Conforme informações colhidas, de forma oral, a professora disse que na última reunião de pais foi realizada uma dinâmica com os que estavam presentes. Ao serem sorteados, eles deveriam explicar a importância desse registro da criança partilhando a caminhada dela no último trimestre. O nome do Gabriel (codnome da criança real) foi sorteado. Sua tia, a responsável pela criança, disse que no desenho ele está mostrando a visita da Clelinha na sua casa, sendo essa atividade a que mais gostou. Nessa atividade realizada pelo Gabriel, houve um contexto pessoal que ali se refletiu como uma “experiência de superação do luto”. O Gabriel foi transferido para o colégio pelo fato da sua mãe estar doente. A mãe, sabendo que a doença dela já estava em um quadro terminal, não tendo muito tempo de vida, pediu para a sua irmã ter a guarda do seu filho. Sendo assim, a tia matriculou seu sobrinho na mesma escola de sua filha. Poucos dias depois, o garoto ficou órfão. Desde então, todas as noites, para conseguir dormir, a tia precisava ir deitar-se com ele e ficar de mãos dadas até pegar no sono. Ao levar a Madre Clélia Peregrina para a sua casa, Gabriel disse à tia que não precisava ir deitar-se com ele, pois ele iria dormir com a Madre Clélia e estando com a Madre ele estaria com a sua mãe, pois as duas estão

juntas no céu. No desenho tem ele, a prima, o tio e a Clelinha. A representatividade

de estar na presença de Deus, lugar onde está Madre Clélia e a sua mãe, é uma pintura em vermelho no canto direito. Na visita aos ambientes sagrados do colégio foi ensinado que, para os católicos, a lâmpada vermelha acesa, dentro da Capela, significa que Deus está ali presente na espécie do pão – Eucaristia.

Narrado pela tia, conforme informações colhidas, o Gabriel vivenciou o luto de sua mãe por meses. A hora do repouso estava sendo o momento mais difícil para ele, pois só dormia com a tia segurando a sua mão.

Ele escreve: “Gostei de rezar para Madre Clélia porque lembro da minha mamãe que me ensinou a rezar”.

Figura 3 - Clelinha protetora

Fonte: Colégio Sagrado Coração de Jesus-SP

O significado religioso da Clelinha passou do imaginário para a experiência religiosa, recordando como aborda o início desse capítulo ao citar Larrosa (2004) que a experiência “passa”, “acontece”, “toca” a pessoa na sua particularidade afetando e transformando algo. Na compreensão do Gabriel estar com a Clelinha é o intermédio (que a sua imaginação permite vivenciar) de estar consecutivamente com a sua mãe, por ambas se encontram juntas no céu e com Deus.

A morte tem seus diferentes significados socioculturais, mas para a o Gabriel, o que parecia ter sido uma perda, um distanciamento, tornou-se uma possibilidade de reencontro.
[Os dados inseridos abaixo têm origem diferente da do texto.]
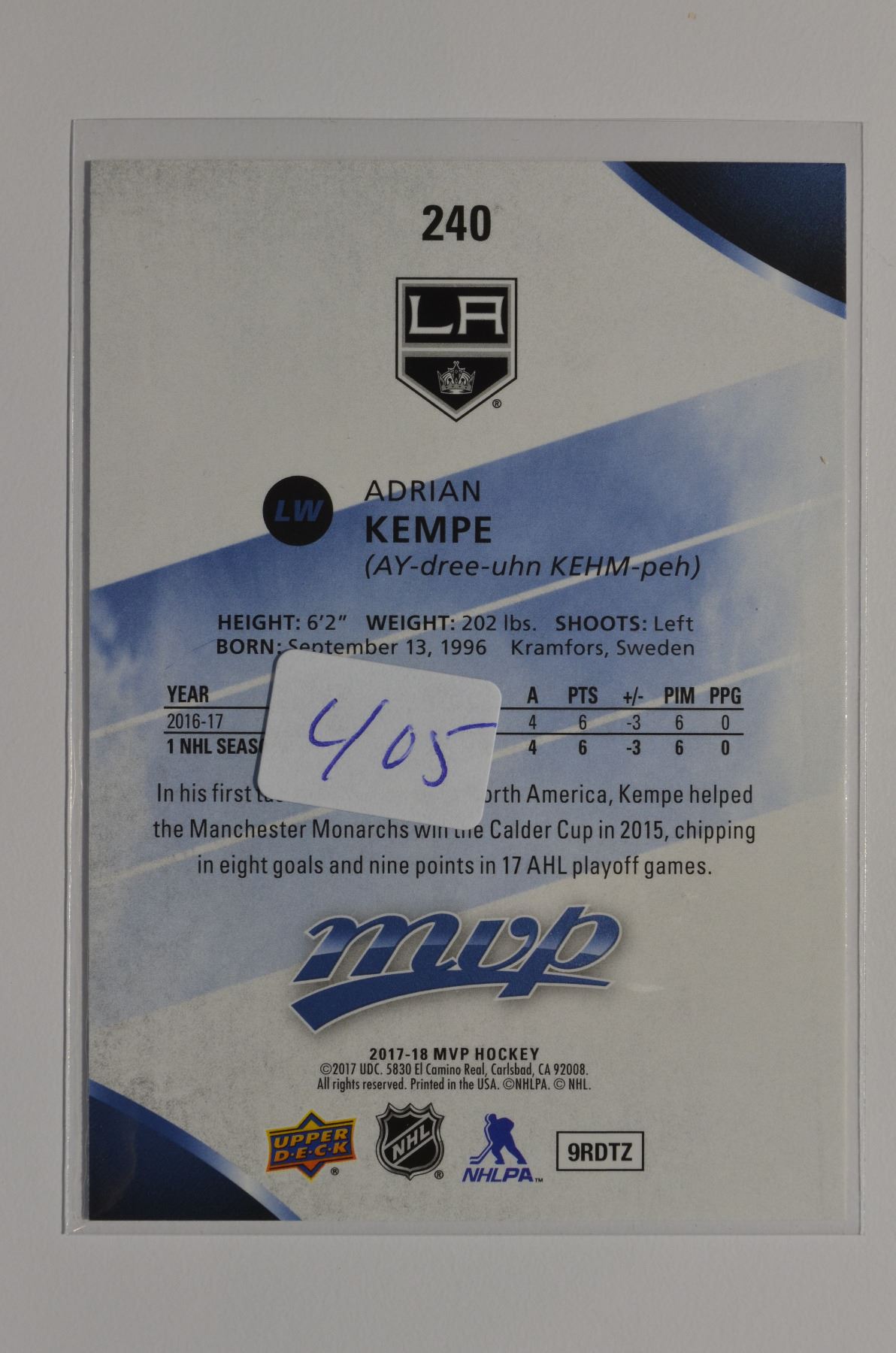 2017-18 Upper Deck MVP #240 Adrian Kempe RC

Durand aborda a morte perante a realidade e o imaginário, ou seja, a morte é certa para todos os vivos, e não há nada a fazer para impedi-la, no entanto, pela fé em um rito, a morte não tem seu poder, pela fé se alcança a imortalidade.

O fantástico imagina o veículo de velocidade infinita. Envelhecemos no tempo, e a morte espreita-nos: sabemo-lo, porque somos capazes de identificar-nos com os outros. No entanto, não haverá um remédio, a prece de um Xamã que nos salve da morte? O imaginário encontrará a armadura invisível, a proteção sobrenatural que torna imortais os que têm fé no rito mágico ou religioso (DURAND, 1999, p.134).

Diante do exemplo referente ao Gabriel, fica claro que imaginar é, portanto, formar opiniões pensadas, refletidas; é descobrir-se em relação ao outro; é superar- se perante traumas, situações difíceis e desafiadoras; é construir a própria

personalidade. A criança pelo imaginário descobre significações entre ela e o mundo, e as interioriza. “A criança toma consciência do que é possível, mede a diferença entre imaginário e real” (POSTIC, 1992, p.22). Essa construção interna cheia de significações realiza o equilíbrio do ser na busca de sua autonomia.